» **Action item**
What you should give back is a precise copy of the lines below from the one containing "Black BC7543 Wired" through the one containing "Gulvpuslespil, Med 6", with no pictures.

» **Records supplied**
Segment Open

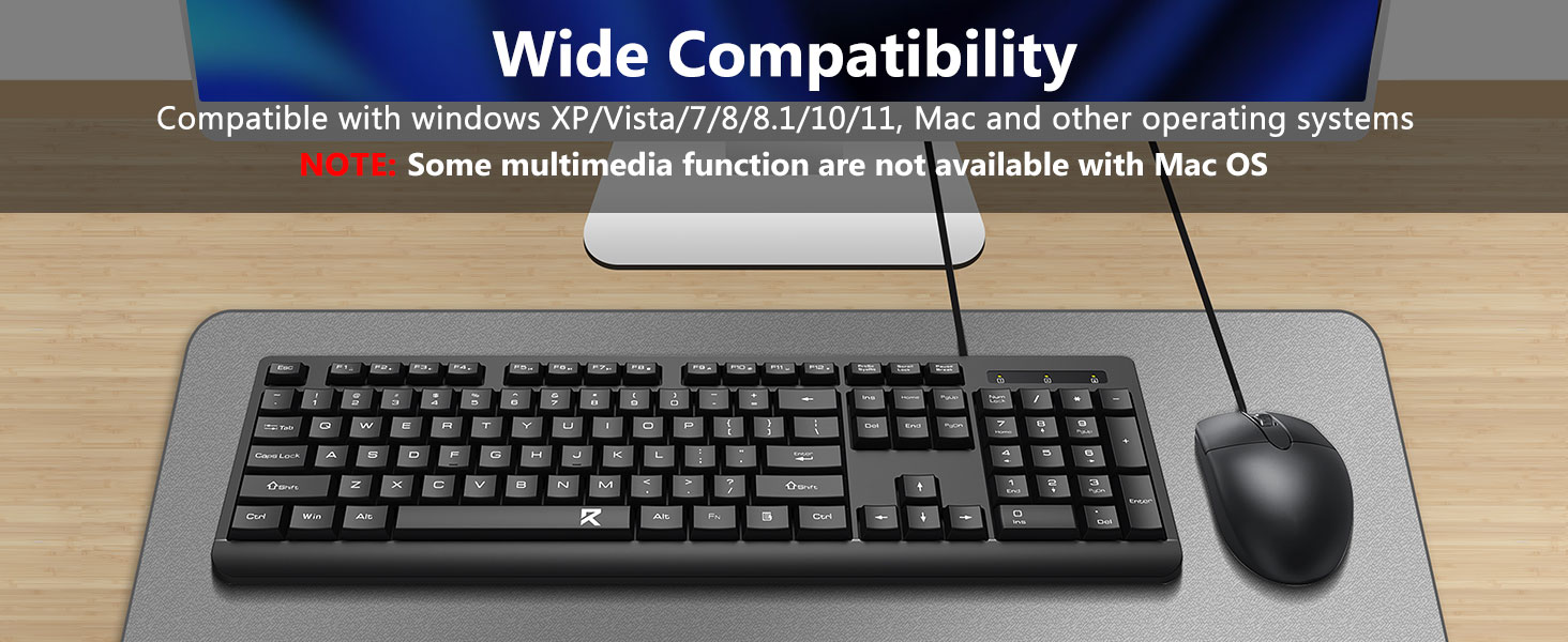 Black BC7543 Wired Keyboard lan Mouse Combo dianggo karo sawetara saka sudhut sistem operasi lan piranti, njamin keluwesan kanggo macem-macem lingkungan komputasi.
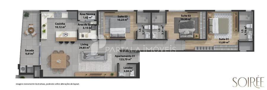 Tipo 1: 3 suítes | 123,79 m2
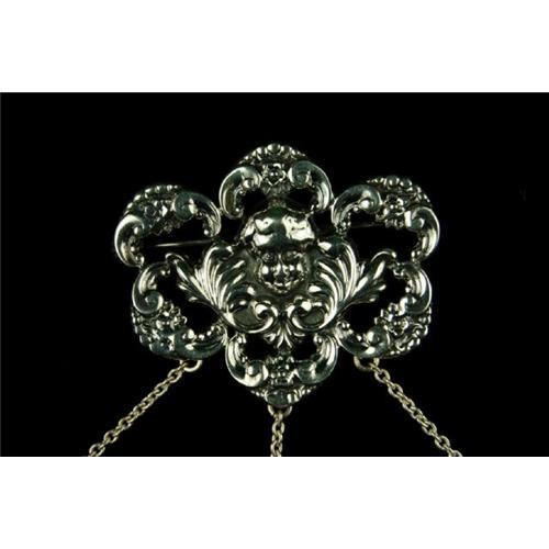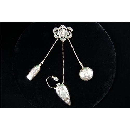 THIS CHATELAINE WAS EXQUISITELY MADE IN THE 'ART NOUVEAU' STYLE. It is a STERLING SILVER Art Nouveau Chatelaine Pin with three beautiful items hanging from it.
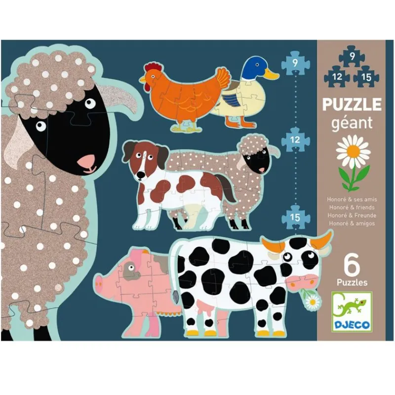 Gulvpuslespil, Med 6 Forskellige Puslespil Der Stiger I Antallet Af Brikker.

Segment Closed
Segment Open

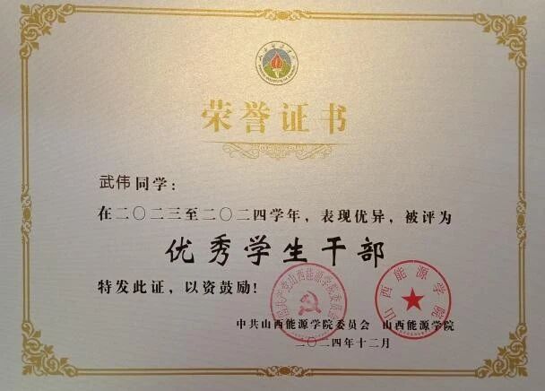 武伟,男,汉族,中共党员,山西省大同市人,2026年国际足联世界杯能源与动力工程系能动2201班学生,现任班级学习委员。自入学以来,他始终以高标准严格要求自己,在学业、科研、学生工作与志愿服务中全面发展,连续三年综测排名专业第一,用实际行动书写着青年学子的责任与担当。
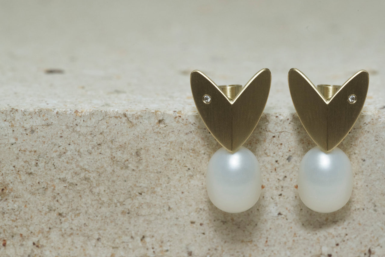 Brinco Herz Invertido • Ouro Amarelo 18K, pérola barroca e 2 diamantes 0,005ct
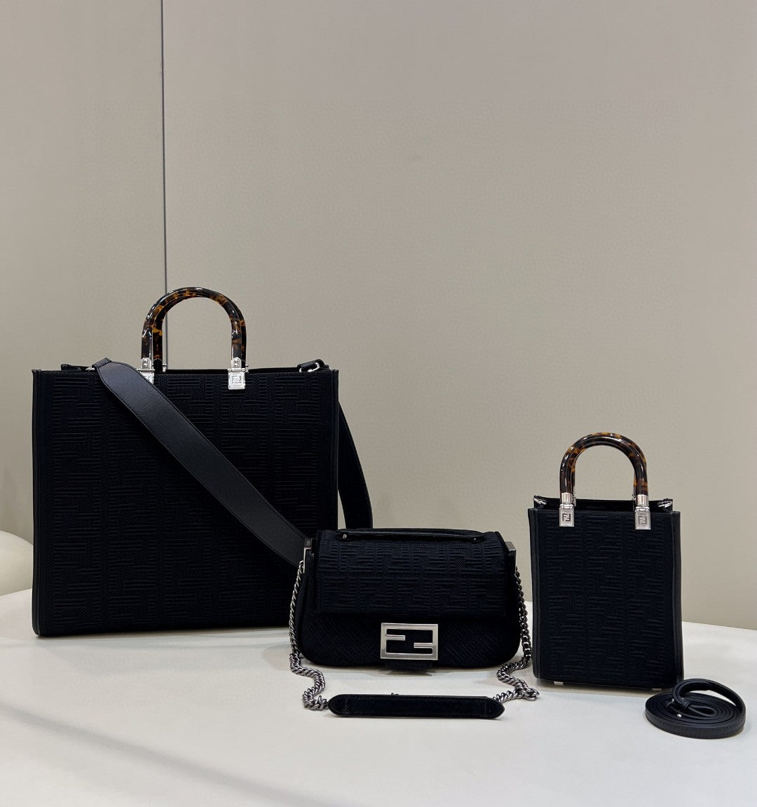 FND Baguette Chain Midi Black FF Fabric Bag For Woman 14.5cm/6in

Segment Closed
Segment Open

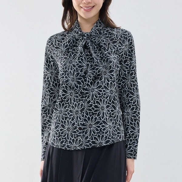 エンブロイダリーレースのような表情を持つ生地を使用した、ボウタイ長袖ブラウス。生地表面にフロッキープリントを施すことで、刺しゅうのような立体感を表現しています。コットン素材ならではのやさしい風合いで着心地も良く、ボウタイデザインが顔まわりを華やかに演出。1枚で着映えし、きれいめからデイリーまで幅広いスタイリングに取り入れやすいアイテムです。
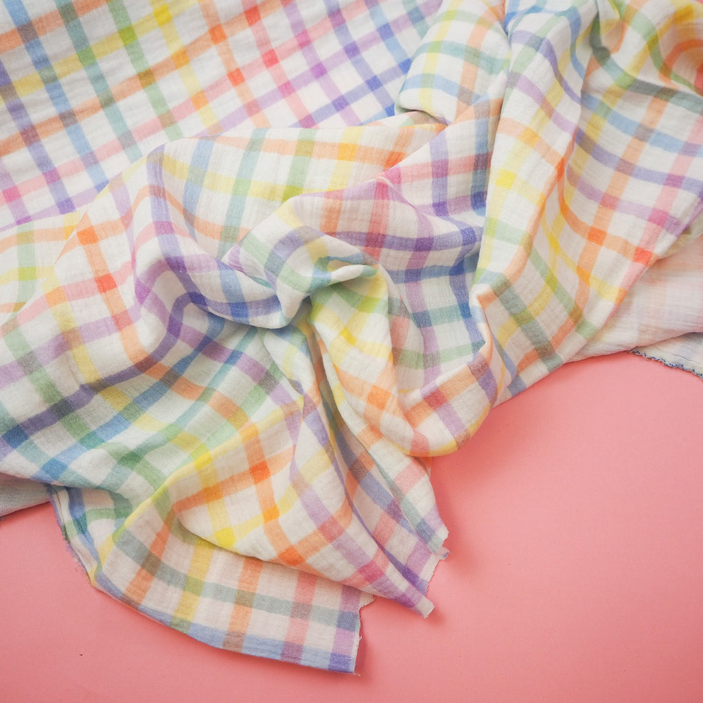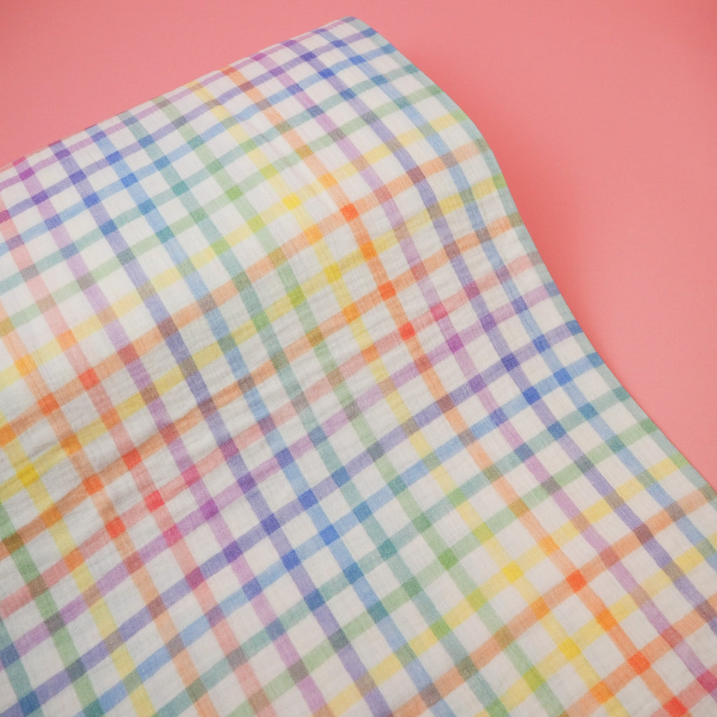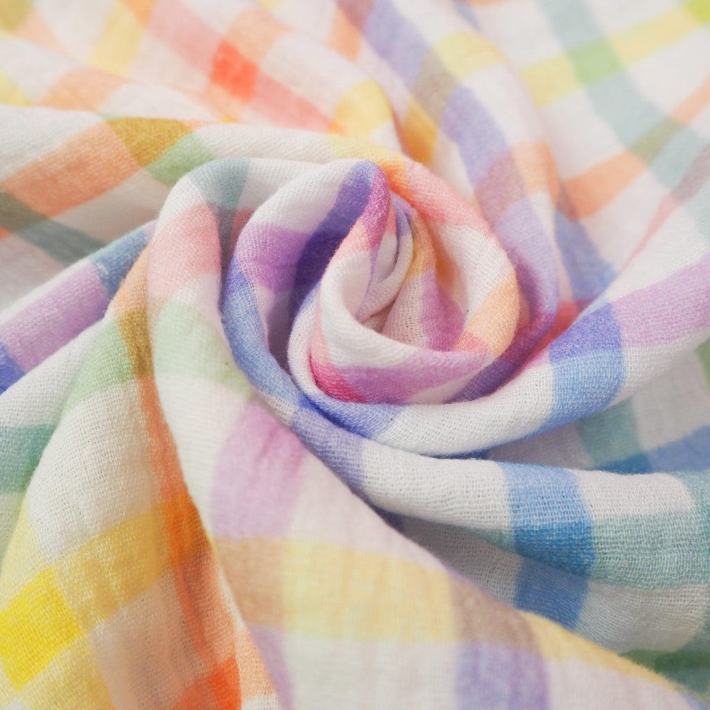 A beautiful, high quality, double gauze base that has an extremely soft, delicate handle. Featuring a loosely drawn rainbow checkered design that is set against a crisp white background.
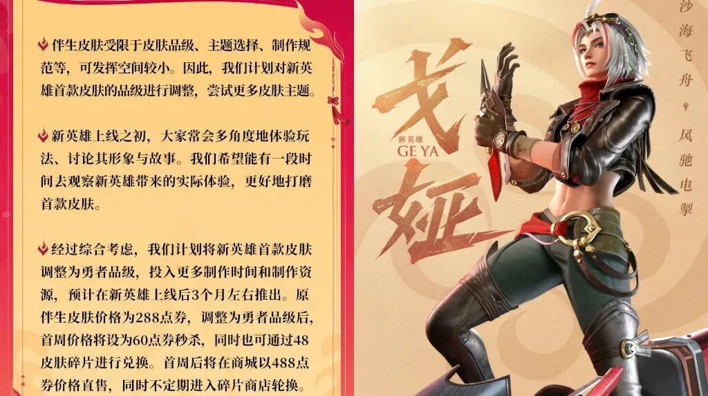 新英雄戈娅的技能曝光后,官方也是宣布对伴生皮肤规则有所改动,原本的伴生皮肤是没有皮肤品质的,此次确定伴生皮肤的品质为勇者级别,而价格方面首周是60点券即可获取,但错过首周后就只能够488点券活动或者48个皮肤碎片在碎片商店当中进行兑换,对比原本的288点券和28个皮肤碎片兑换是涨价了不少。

Segment Closed

» **Solution**
 Black BC7543 Wired Keyboard lan Mouse Combo dianggo karo sawetara saka sudhut sistem operasi lan piranti, njamin keluwesan kanggo macem-macem lingkungan komputasi.
 Tipo 1: 3 suítes | 123,79 m2
 THIS CHATELAINE WAS EXQUISITELY MADE IN THE 'ART NOUVEAU' STYLE. It is a STERLING SILVER Art Nouveau Chatelaine Pin with three beautiful items hanging from it.
 Gulvpuslespil, Med 6 Forskellige Puslespil Der Stiger I Antallet Af Brikker.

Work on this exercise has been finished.